AIM OF THE EXERCISE:
Every line from the one with "差異的部份截圖如下,可看到左" to the one with "Săculețul personalizat completează", including those two, is to be copied exactly; all other lines of the entries below are left out.

INPUT DATA:

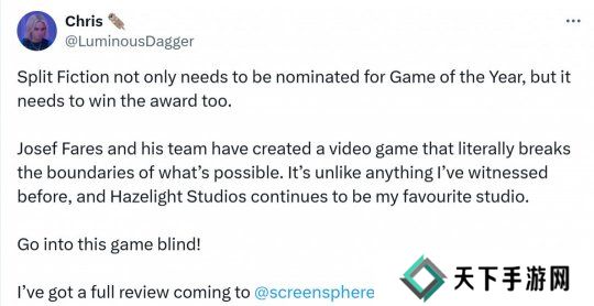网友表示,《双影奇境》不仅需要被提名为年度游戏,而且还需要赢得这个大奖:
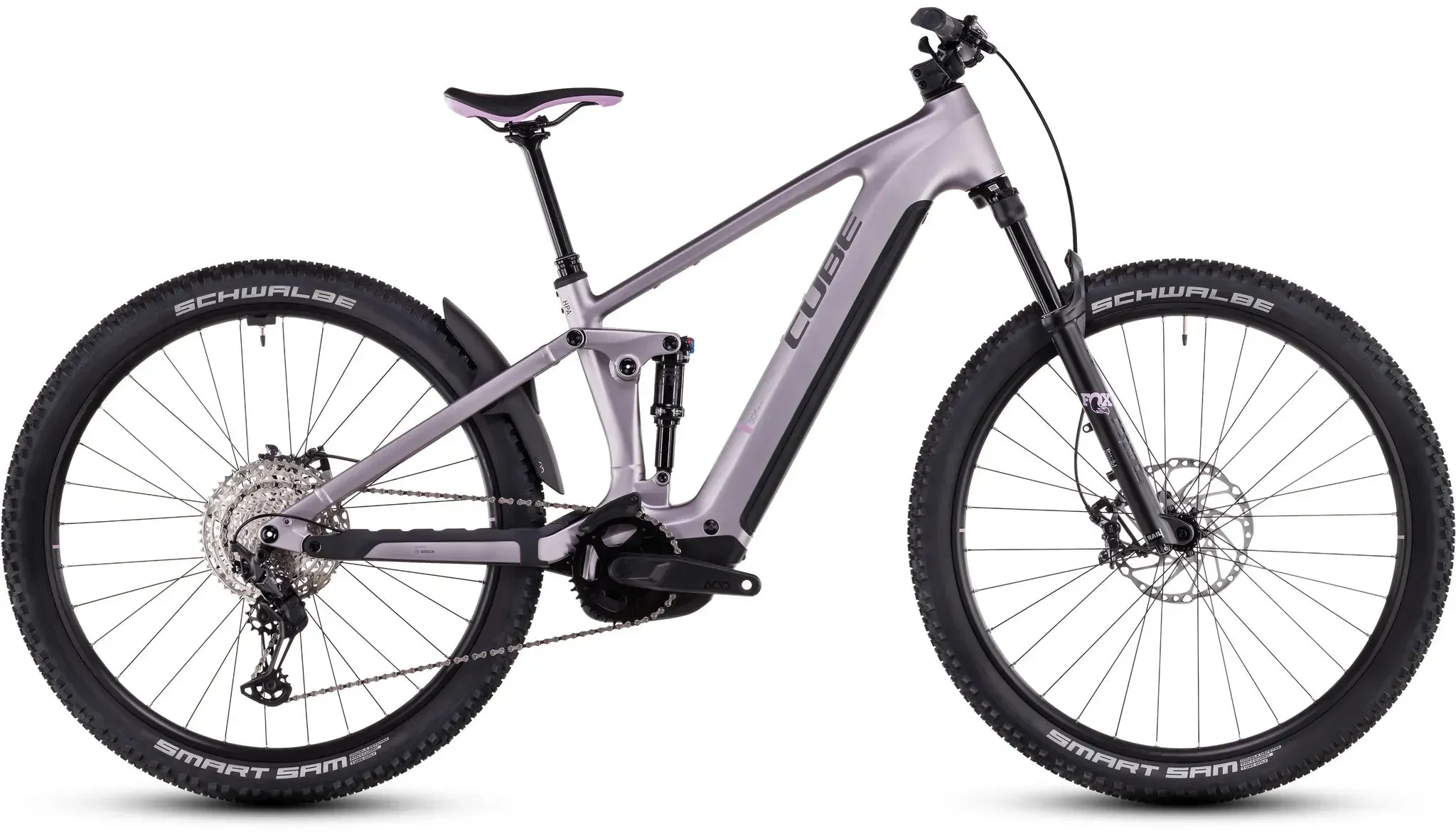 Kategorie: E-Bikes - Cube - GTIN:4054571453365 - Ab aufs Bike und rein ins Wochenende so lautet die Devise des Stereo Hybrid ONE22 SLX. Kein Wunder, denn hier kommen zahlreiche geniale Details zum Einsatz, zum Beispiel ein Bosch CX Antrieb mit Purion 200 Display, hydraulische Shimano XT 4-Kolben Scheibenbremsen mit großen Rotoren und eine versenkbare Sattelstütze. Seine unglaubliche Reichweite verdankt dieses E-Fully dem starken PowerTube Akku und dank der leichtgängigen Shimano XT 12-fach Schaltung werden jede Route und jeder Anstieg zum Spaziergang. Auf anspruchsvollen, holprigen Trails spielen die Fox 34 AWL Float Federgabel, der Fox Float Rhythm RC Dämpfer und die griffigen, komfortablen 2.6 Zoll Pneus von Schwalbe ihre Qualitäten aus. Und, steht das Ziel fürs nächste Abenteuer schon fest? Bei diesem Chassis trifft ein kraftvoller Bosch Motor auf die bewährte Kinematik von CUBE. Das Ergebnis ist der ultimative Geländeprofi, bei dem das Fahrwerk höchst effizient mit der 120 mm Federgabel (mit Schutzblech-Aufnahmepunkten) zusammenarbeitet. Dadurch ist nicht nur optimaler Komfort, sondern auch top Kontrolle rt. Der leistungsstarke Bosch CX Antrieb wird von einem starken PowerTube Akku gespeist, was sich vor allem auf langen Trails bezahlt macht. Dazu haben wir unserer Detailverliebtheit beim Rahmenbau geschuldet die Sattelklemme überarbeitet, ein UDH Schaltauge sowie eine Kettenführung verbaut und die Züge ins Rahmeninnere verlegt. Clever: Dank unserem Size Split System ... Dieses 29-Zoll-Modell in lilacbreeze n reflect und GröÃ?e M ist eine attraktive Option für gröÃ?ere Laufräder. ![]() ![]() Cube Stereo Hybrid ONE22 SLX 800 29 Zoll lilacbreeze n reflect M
--
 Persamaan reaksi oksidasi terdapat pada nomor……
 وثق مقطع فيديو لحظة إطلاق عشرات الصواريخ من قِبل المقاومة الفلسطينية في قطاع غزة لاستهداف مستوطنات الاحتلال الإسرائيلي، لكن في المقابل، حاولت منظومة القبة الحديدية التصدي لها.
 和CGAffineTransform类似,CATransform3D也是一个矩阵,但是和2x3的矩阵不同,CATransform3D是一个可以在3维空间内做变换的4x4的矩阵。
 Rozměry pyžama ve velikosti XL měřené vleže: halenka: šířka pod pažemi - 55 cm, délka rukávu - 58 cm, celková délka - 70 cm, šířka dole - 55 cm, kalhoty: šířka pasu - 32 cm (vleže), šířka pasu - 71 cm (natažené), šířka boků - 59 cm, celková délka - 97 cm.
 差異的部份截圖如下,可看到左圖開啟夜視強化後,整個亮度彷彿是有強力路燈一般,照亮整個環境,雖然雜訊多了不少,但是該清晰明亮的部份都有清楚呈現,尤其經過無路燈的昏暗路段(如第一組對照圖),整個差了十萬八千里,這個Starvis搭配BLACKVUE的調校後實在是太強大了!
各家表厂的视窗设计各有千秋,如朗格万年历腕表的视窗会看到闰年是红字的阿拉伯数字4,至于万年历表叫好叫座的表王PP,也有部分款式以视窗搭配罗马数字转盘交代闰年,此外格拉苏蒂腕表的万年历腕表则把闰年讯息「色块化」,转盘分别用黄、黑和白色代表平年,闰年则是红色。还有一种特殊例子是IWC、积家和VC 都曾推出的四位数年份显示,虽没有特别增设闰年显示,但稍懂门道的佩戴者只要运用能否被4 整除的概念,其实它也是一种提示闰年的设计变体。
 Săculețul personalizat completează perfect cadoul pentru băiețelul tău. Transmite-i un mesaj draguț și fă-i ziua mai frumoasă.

ANSWER TO THE PROBLEM:
 差異的部份截圖如下,可看到左圖開啟夜視強化後,整個亮度彷彿是有強力路燈一般,照亮整個環境,雖然雜訊多了不少,但是該清晰明亮的部份都有清楚呈現,尤其經過無路燈的昏暗路段(如第一組對照圖),整個差了十萬八千里,這個Starvis搭配BLACKVUE的調校後實在是太強大了!
各家表厂的视窗设计各有千秋,如朗格万年历腕表的视窗会看到闰年是红字的阿拉伯数字4,至于万年历表叫好叫座的表王PP,也有部分款式以视窗搭配罗马数字转盘交代闰年,此外格拉苏蒂腕表的万年历腕表则把闰年讯息「色块化」,转盘分别用黄、黑和白色代表平年,闰年则是红色。还有一种特殊例子是IWC、积家和VC 都曾推出的四位数年份显示,虽没有特别增设闰年显示,但稍懂门道的佩戴者只要运用能否被4 整除的概念,其实它也是一种提示闰年的设计变体。
 Săculețul personalizat completează perfect cadoul pentru băiețelul tău. Transmite-i un mesaj draguț și fă-i ziua mai frumoasă.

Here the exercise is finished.